En tercer lugar, y puesto que el eje del proceso económico radica en el valor de cambio, el sentido común dominante considera que la laboriosidad, la sobriedad y la obediencia son las virtudes cardinales del trabajador. En una sociedad en que la Joda (así, con mayúscula) representa el Bien, el objetivo último de los "ganadores" (los que han sabido hacer dinero), se pide a los trabajadores que sean sobrios, responsables y, en lo posible, que no molesten con pedidos de aumentos de salarios y otras cosas que suelen reclamar; en otras palabras, los trabajadores tienen que ser una encarnación de la "cultura del trabajo" y entender que el trabajo es la esencia misma de la personalidad humana (o, por lo menos, de la personalidad de los trabajadores). Lafargue emplea la ironía y reparte palos tanto a empresarios como a trabajadores con el fin de mostrar todo la hipocresía y el absurdo de esta concepción. Así, la sobriedad que se pide a los trabajadores tiene su contrapartida en la presión constante sobre la burguesía para que compre mercancías producidas en cantidad creciente. "La abstinencia a que la que se condena a la clase productiva obliga a los burgueses a dedicarse al sobreconsumo de los productos que ella produce en forma desordenada. (p. 205). "Para cumplir su doble función social de no productor y de sobreconsumidor, el burgués debió no solamente violentar sus gustos modestos, perder sus hábitos laboriosos de hace dos siglos y entregarse al lujo desenfrenado a las indigestiones trufadas y a los libertinajes sifilíticos, sino también sustraer al trabajo productivo una masa enorme de hombres a fin de procurarse ayudantes." (p. 206).

Dado que la base del poder de la burguesía reside en la apropiación del plusvalor, y que este plusvalor sólo se realiza al venderse la mercancía, la compra y consumo de mercancías se transforma en el imperativo categórico de la burguesía y de los sectores sociales que participan de su dominación. La clase dominante de la sociedad capitalista se ve dominada, a su vez, por las cosas (las mercancías). Así, mientras que la clase trabajadora está encadenada a la "cultura del trabajo", la burguesía se halla sometida a la "cultura del consumo". La existencia humana pasa a estar regulada en su totalidad por las necesidades de la reproducción se capital.
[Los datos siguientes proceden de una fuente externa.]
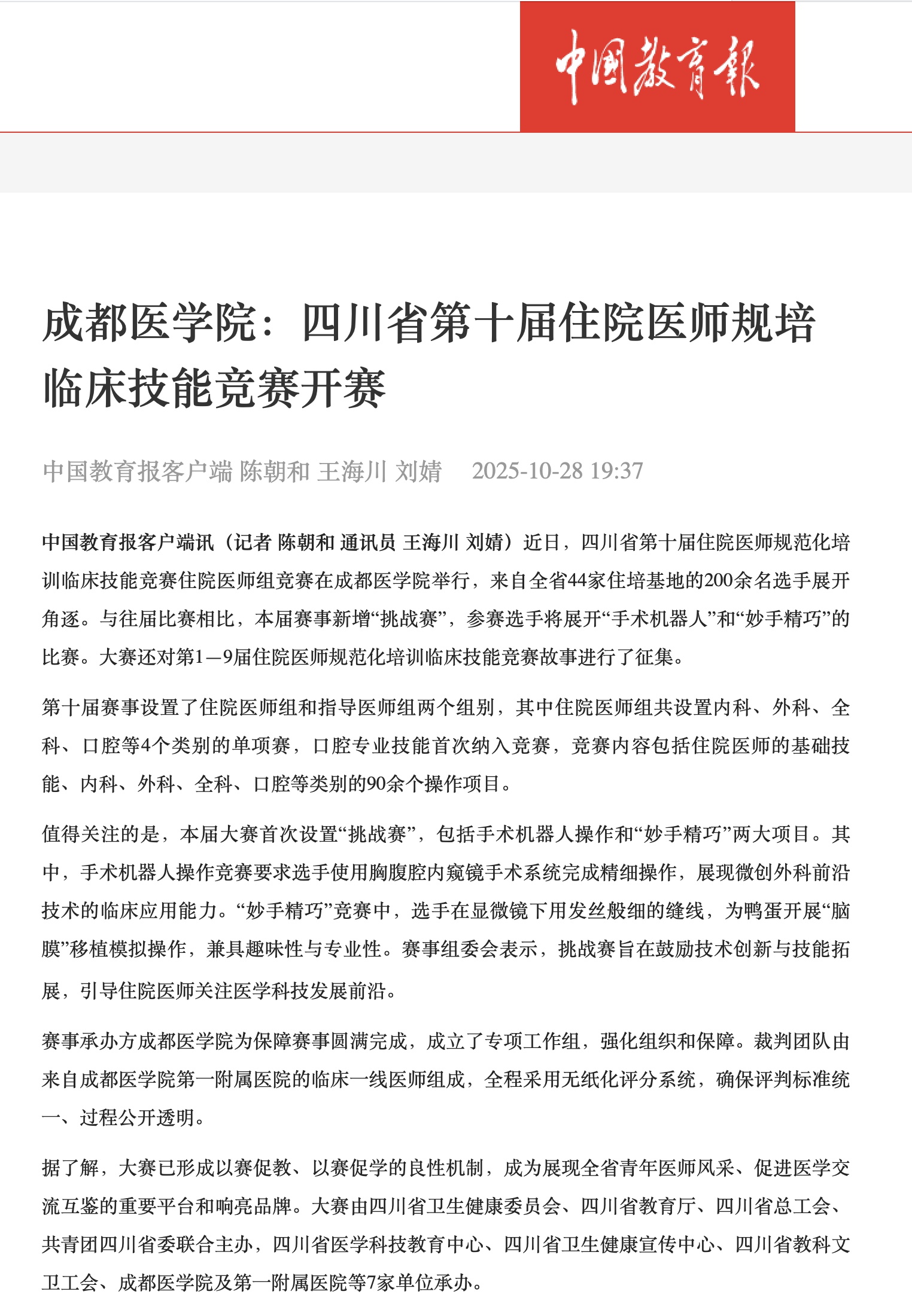 中国教育报客户端讯(记者 陈朝和 通讯员 王海川 刘婧)近日,四川省第十届住院医师规范化培训临床技能竞赛住院医师组竞赛在成都医学院举行,来自全省44家住培基地的200余名选手展开角逐。与往届比赛相比,本届赛事新增“挑战赛”,参赛选手将展开“手术机器人”和“妙手精巧”的比赛。大赛还对第1—9届住院医师规范化培训临床技能竞赛故事进行了征集。

Como se desprende del análisis anterior, el capitalismo, que ha llevado el desarrollo de la técnica a niveles nunca vistos en la historia, y que ha conseguido que la humanidad disponga por primera vez en su existencia de más bienes de los que necesita, se ha convertido en la forma de dominación más omnipotente de la historia. Como bien lo demuestra Lafargue, son los propios trabajadores lo que exigen trabajar más (p. 201, 202), aun cuando sea ese mismo trabajo el que debilita constantemente su posición frente a los empresarios. La "cultura del trabajo" es la expresión naturalizada e internalizada del sometimiento y de la esclavitud de los trabajadores, la expresión políticamente correcta de la explotación de los obreros por los empresarios, la forma elegante de manifestar su (de los trabajadores) renuncia a una vida dedicada al goce y a la expansión de sus capacidades.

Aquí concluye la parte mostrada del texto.